**Supplied data**.
○ ○ ○ ○ ○

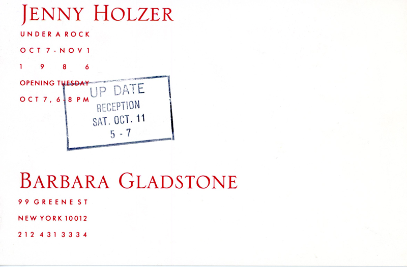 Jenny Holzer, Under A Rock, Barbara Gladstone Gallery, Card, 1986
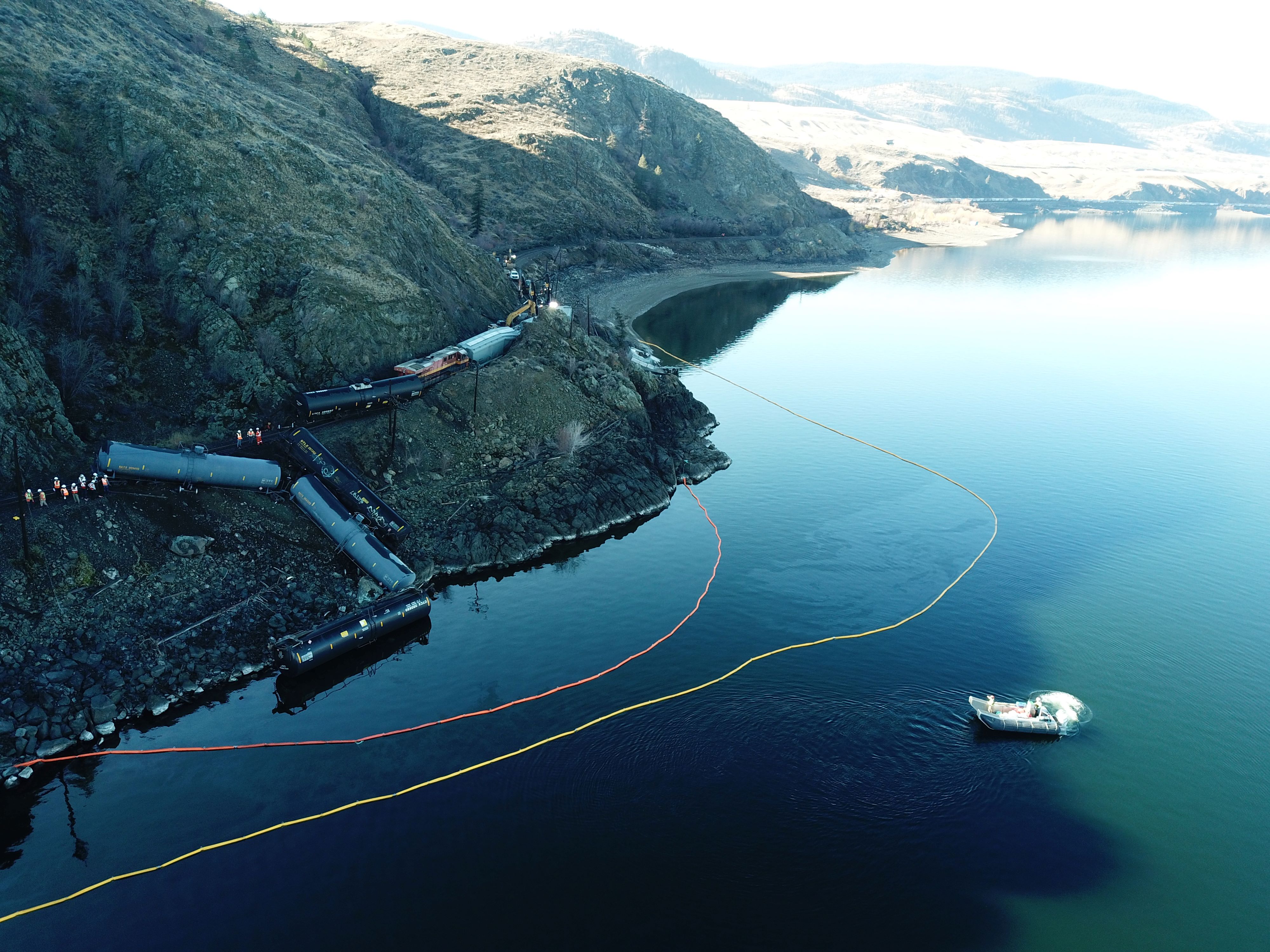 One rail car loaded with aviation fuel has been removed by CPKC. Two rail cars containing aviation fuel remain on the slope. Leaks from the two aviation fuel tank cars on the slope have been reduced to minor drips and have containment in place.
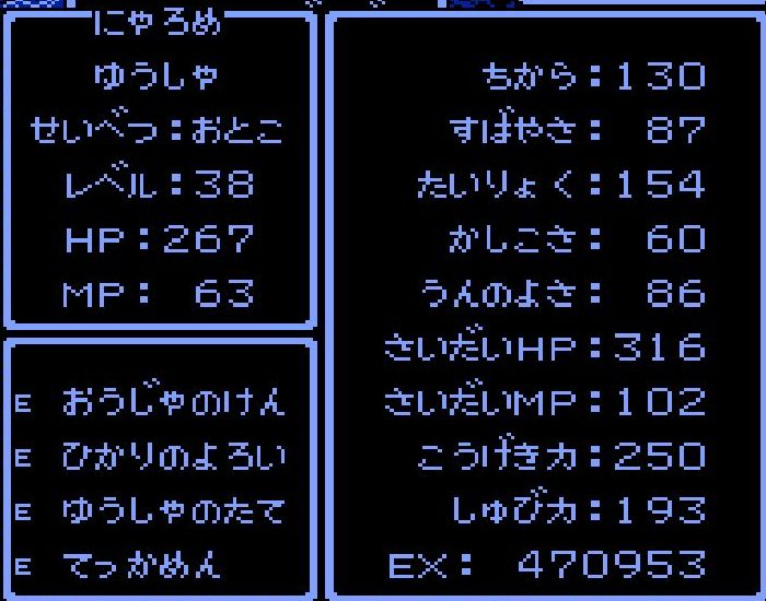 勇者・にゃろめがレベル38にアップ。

○ ○ ○ ○ ○

**What is needed**. Quote exactly the lines from the line that contains "One rail car" through the last line of the listing, please, leaving out all pictures.

**Task result**.
 One rail car loaded with aviation fuel has been removed by CPKC. Two rail cars containing aviation fuel remain on the slope. Leaks from the two aviation fuel tank cars on the slope have been reduced to minor drips and have containment in place.
 勇者・にゃろめがレベル38にアップ。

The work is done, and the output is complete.